> [How to complete this task]:
From the listing below, restate word for word the lines from the line containing "秋吉台を見渡せる展望台があり" down through the line containing "이 후보는 이날 오후". Exclude pictures.

Records to use: Begin

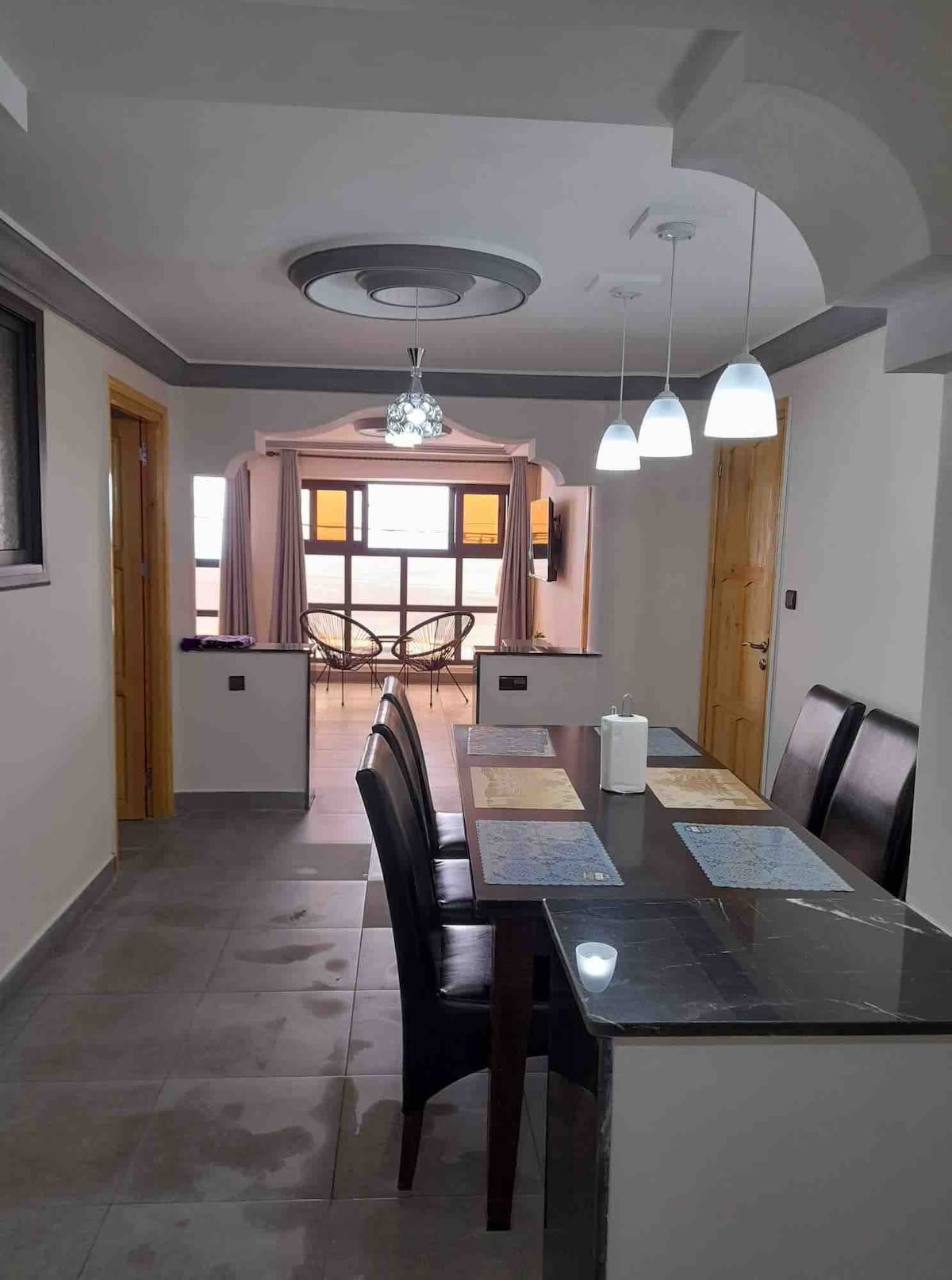 Bienvenido a tu escapada mediterránea de ensueño: un apartamento de lujo, tranquilo y BN. Situado a pocos minutos a pie de las playas de Maktoâa, Calabonita y Matadero. Descubre una impresionante cocina americana de concepto abierto con elegantes encimeras de bar: siéntete como en casa mientras te rodeas de encanto mediterráneo. Cuenta con dos cómodas habitaciones, ideales para noches de descanso, con la opción de dos camas adicionales. dos patios románticos y privados para disfrutar de la fresca brisa costera. Donde el lujo se une al romanticismo
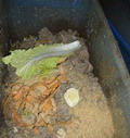 3.いよいよ、生ごみを入れます。お皿やボールなどに、生ごみをまとめておいて、それにボカシをまぶせます。魚の骨でもなんでもOKですが、さすがに鶏の腿の骨などはしばらくそのままの形が残りますね。
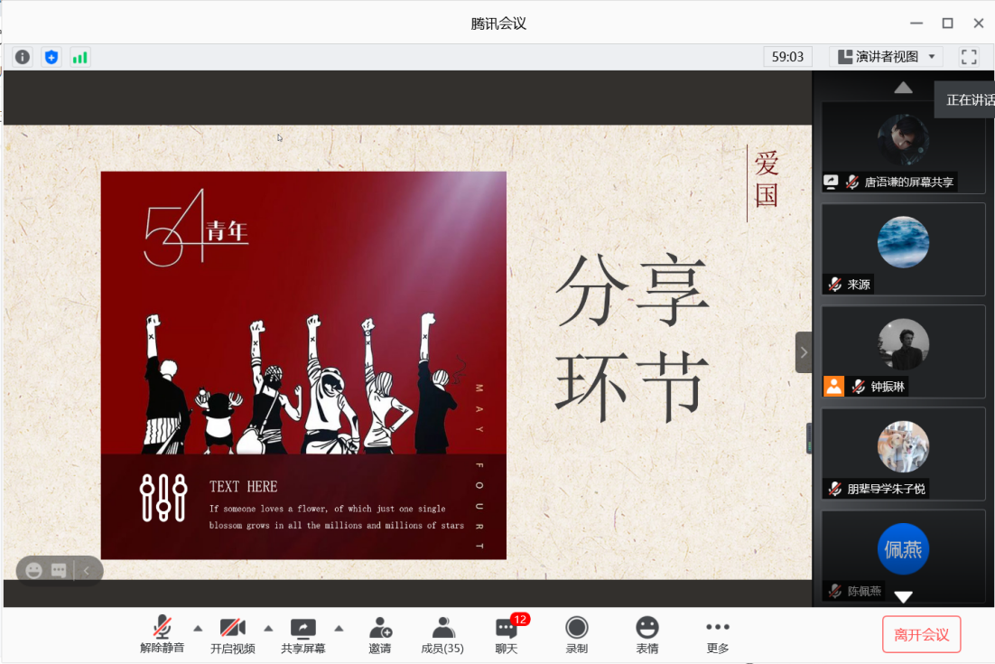 (通讯员 胡雨萱)5月16日晚,公师三班全体同学于线上展开以“传承五四精神,展现青春担当”为主题的读书分享会,作为本学期的第二次团日活动。本次活动由团支书钟振琳主持,全体同学参加。
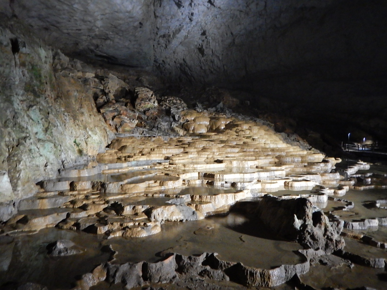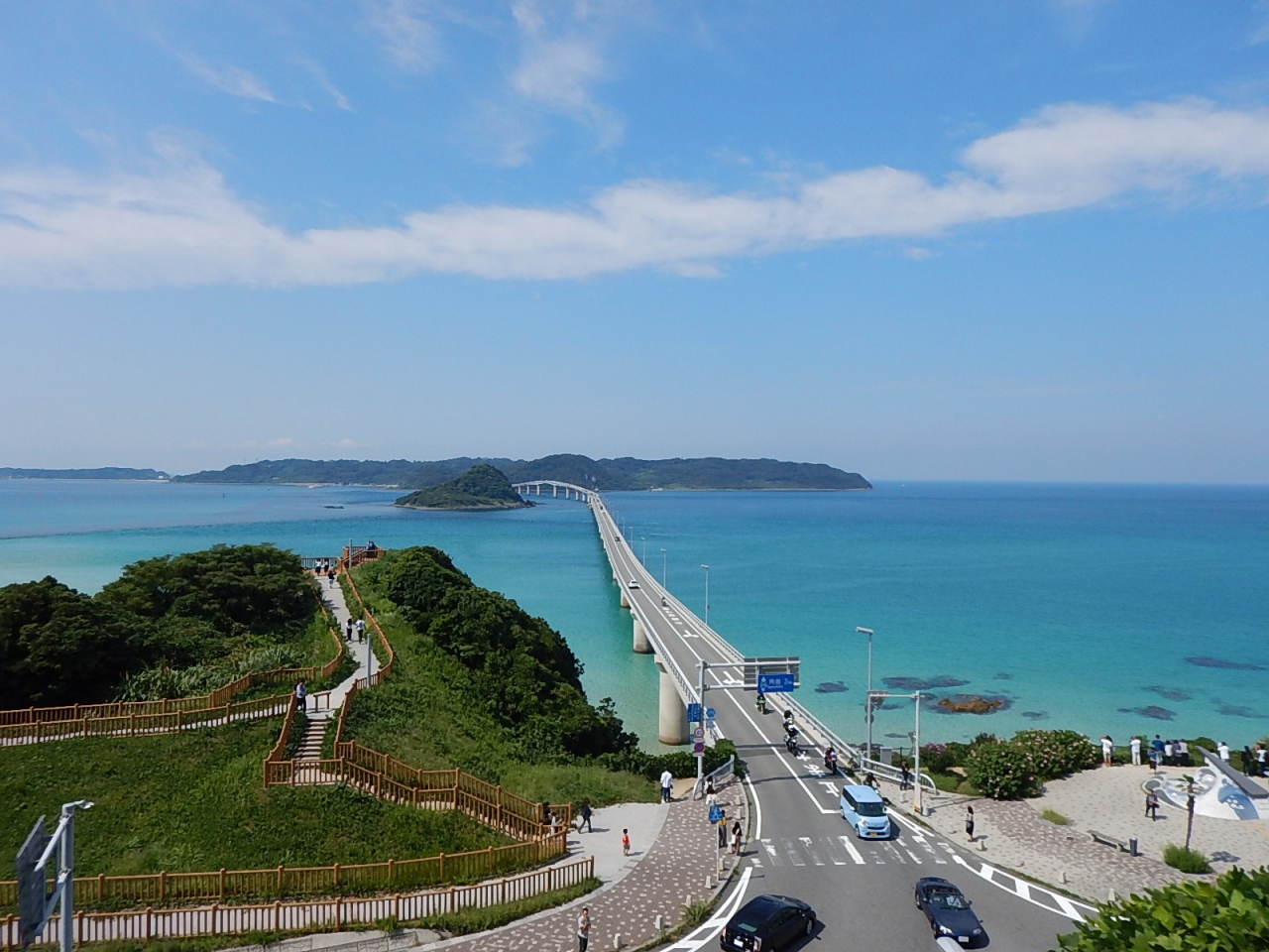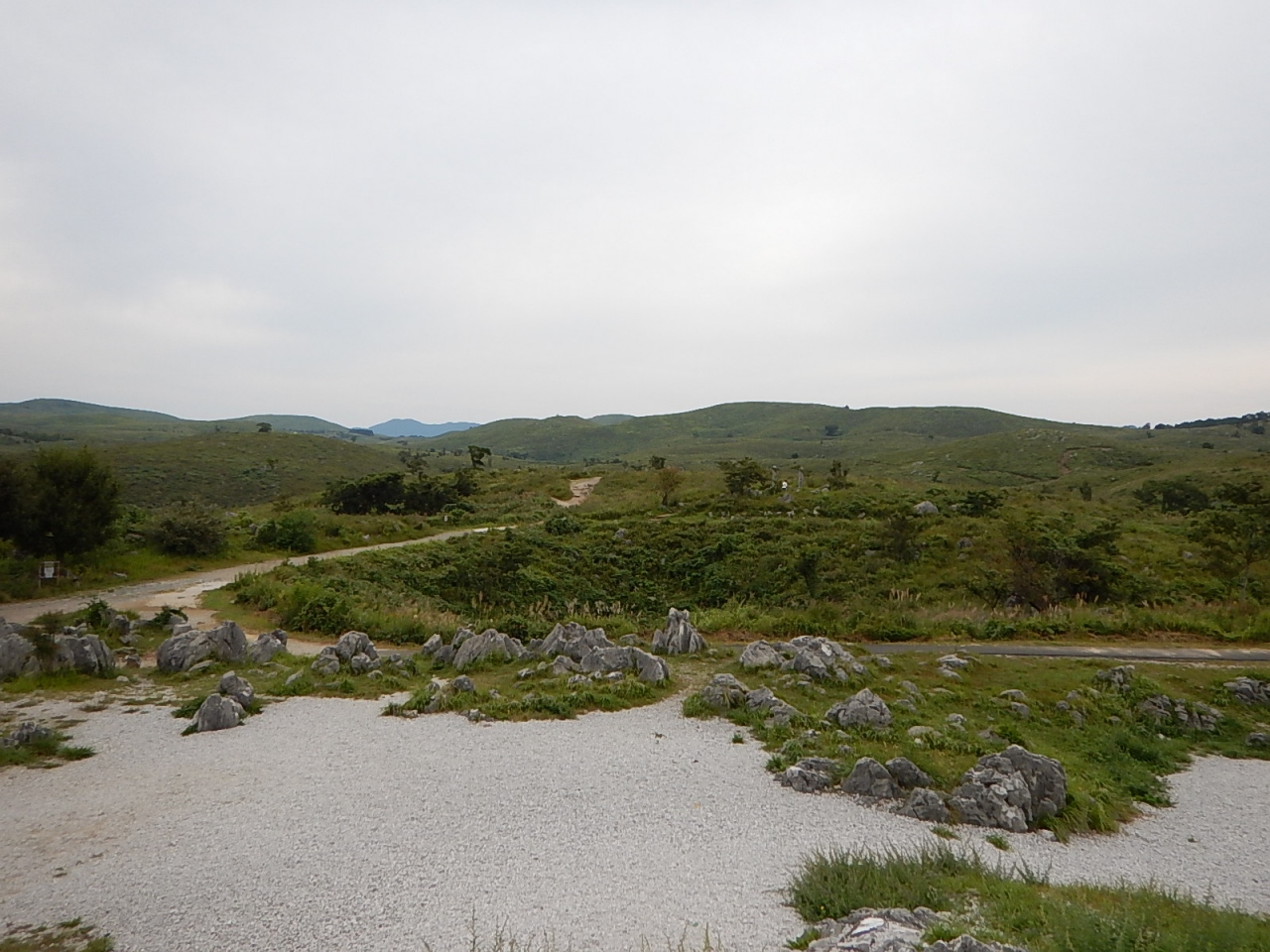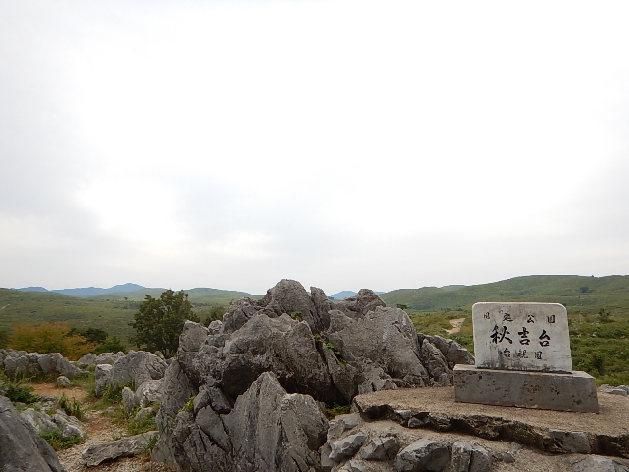 秋吉台を見渡せる展望台があり、起伏に富んだ地形を一望できる。もっと石灰石が点在しているのかと思ったが、個々がそれほど大きくないためか、手前の方しか石は見えなかった。それでも広々とした緑の大地とその間を走る道路は素晴らしい光景だった。- 旅行時期
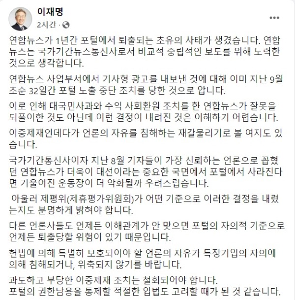 이 후보는 이날 오후 자신의 페이스북에 "연합뉴스가 1년간 포털에서 퇴출되는 초유의 사태가 생겼다"며 "포털의 권한남용을 통제할 적절한 입법도 고려할 때가 됐다"고 적었다.
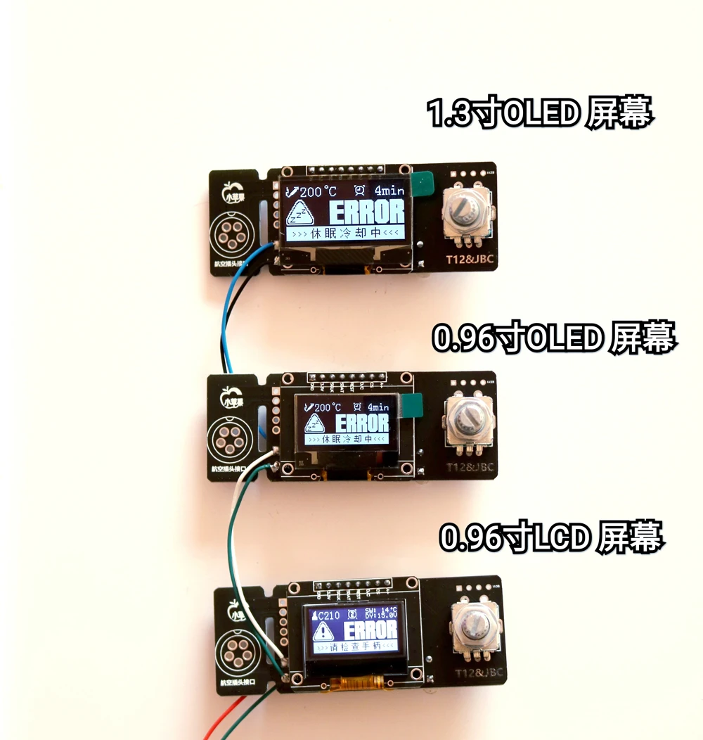 Experience seamless control and precise temperature management with this high-quality control board designed for compatible soldering stations like T12, JBC245, 210, and 936. Its sleek design features a rectangular layout with a stunning 0.96-inch OLED display, or a larger 1.3-inch OLED on alternative models, positioned centrally for easy visibility. The displays showcase real-time data, icons, and error messages with sharp clarity, enhancing your operational confidence. The silver-colored rotary encoder knob offers tactile control, with a textured grip for effortless adjustments. The circuit around the display is populated with small, precise electronic components that reflect superior craftsmanship. With modern aesthetics, this control board is both functional and stylish, perfect for professional or DIY soldering setups aiming for optimal performance and reliability.
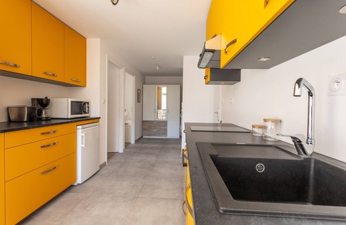 - A kitchen opening onto the living room, equipped with: electric kettle, oven, microwave oven, toaster, dishwasher, hotplates...
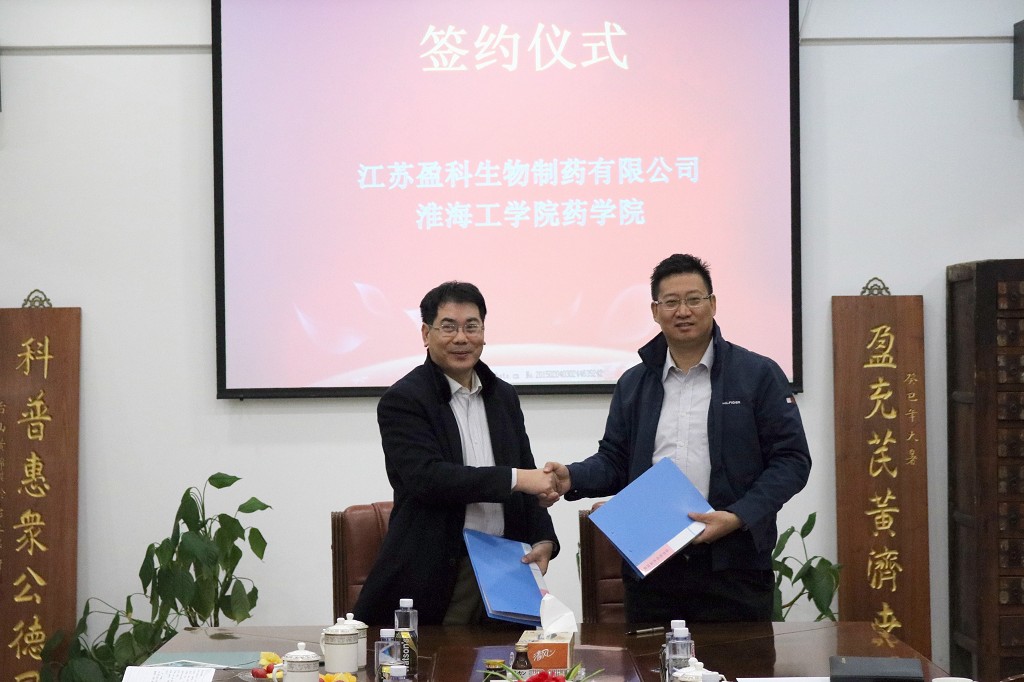 李树安一行首先来到江苏盈科生物制药有限公司,与杰出员工、公司董事长李海以及研发、生产、质量管理等部门的高管进行了座谈。宾主双方相互介绍了各自单位的发展历程、现状和美好愿景,并就深化人才培养和产教学研合作展开了深度探讨,达成了下一步合作的战略协议。李树安书记和李海董事分别代表双方在产学研全面合作协议、“3+1”人才培养模式改革合作协议、“盈科励志奖学金”设立协议上签字。随后,李树安一行深入公司的生产车间、质量检验和研发部门参观考察,与现场的工程技术人员进行了深入交流和探讨。

Records to use: End

> [Answer section]:
 秋吉台を見渡せる展望台があり、起伏に富んだ地形を一望できる。もっと石灰石が点在しているのかと思ったが、個々がそれほど大きくないためか、手前の方しか石は見えなかった。それでも広々とした緑の大地とその間を走る道路は素晴らしい光景だった。- 旅行時期
 이 후보는 이날 오후 자신의 페이스북에 "연합뉴스가 1년간 포털에서 퇴출되는 초유의 사태가 생겼다"며 "포털의 권한남용을 통제할 적절한 입법도 고려할 때가 됐다"고 적었다.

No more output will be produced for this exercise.